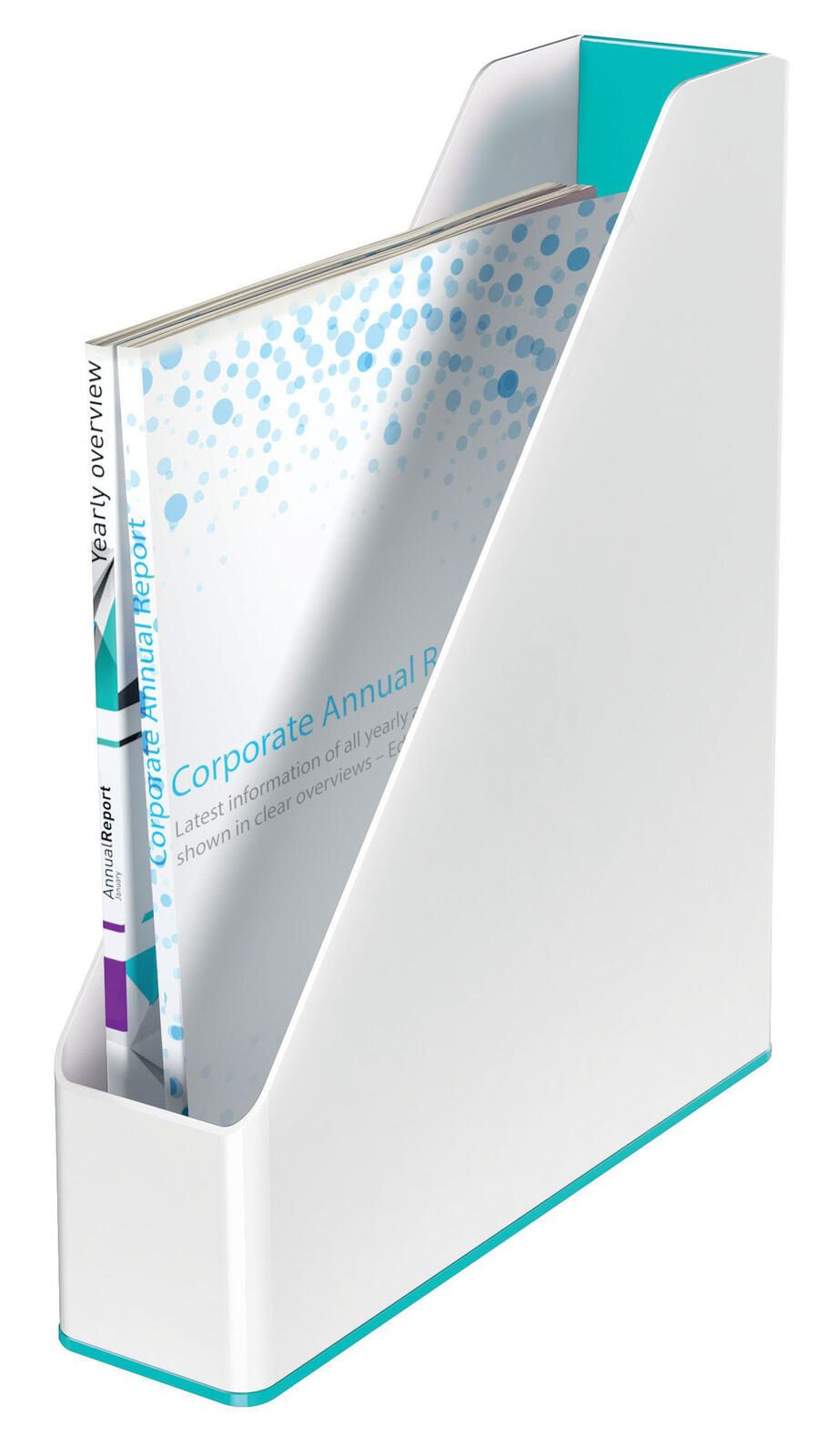 Das Design in perlweiß und eisblau verleiht deinem Arbeitsplatz eine frische und moderne Optik. Der Stehsammler von LEITZ überzeugt nicht nur durch seine Funktionalität, sondern auch durch sein ansprechendes Aussehen.
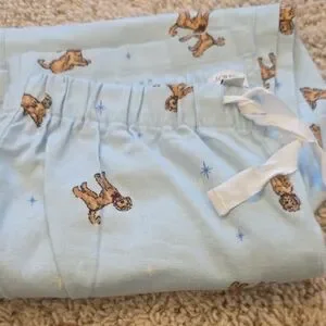 Light blue pajama pants with charming dog design. Perfect for cozy nights.
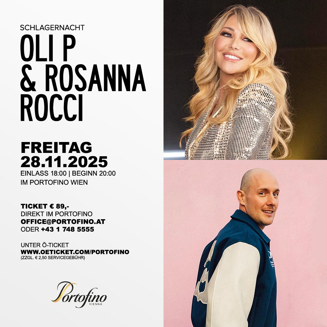 Konzert mit Oli P. & Rosanna Rocci. Ticketpreis € 89,- inklusive Sektempfang. Herzlich Willkommen.
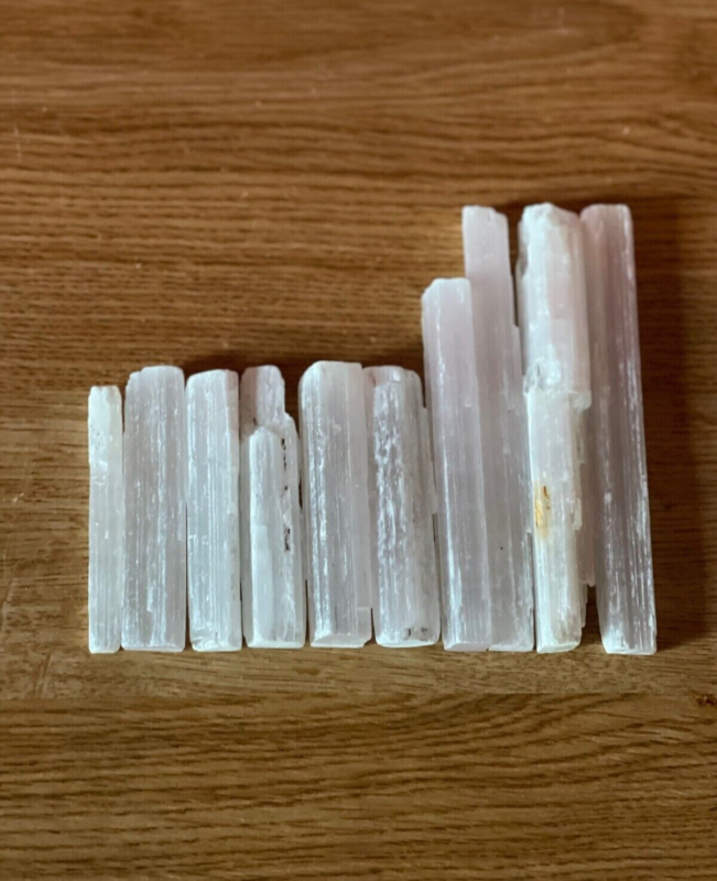 10 Selenite Crystal Wands of varying sizes, these translucent crystal wands are a form of the mineral gypsum.
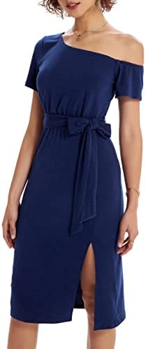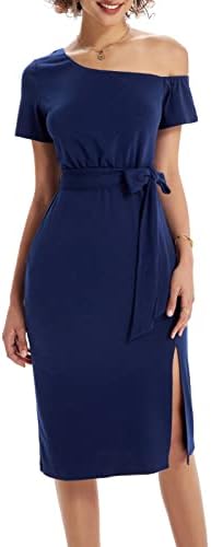 GRACE KARIN Women's Off Shoulder Cocktail Dress Short Sleeve Party Bodycon Dress with Belt Work Dress
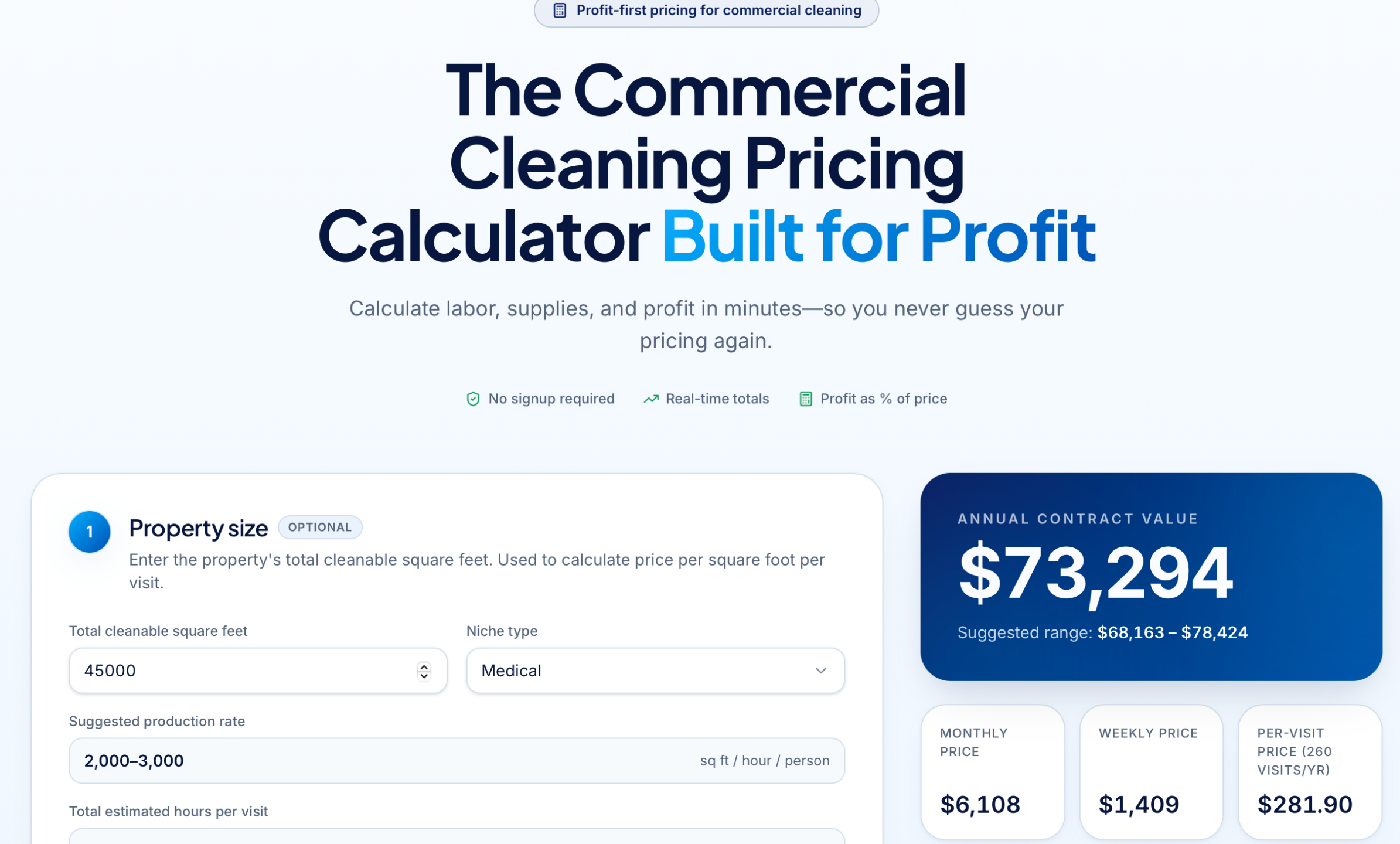 Finally, a calculator built exclusively for commercial cleaning companies that shows you exactly what to charge—before you send the quote.Â

Assignment: Output the records exactly. Drop the images.

Written reply:
 Das Design in perlweiß und eisblau verleiht deinem Arbeitsplatz eine frische und moderne Optik. Der Stehsammler von LEITZ überzeugt nicht nur durch seine Funktionalität, sondern auch durch sein ansprechendes Aussehen.
 Light blue pajama pants with charming dog design. Perfect for cozy nights.
 Konzert mit Oli P. & Rosanna Rocci. Ticketpreis € 89,- inklusive Sektempfang. Herzlich Willkommen.
 10 Selenite Crystal Wands of varying sizes, these translucent crystal wands are a form of the mineral gypsum.
 GRACE KARIN Women's Off Shoulder Cocktail Dress Short Sleeve Party Bodycon Dress with Belt Work Dress
 Finally, a calculator built exclusively for commercial cleaning companies that shows you exactly what to charge—before you send the quote.Â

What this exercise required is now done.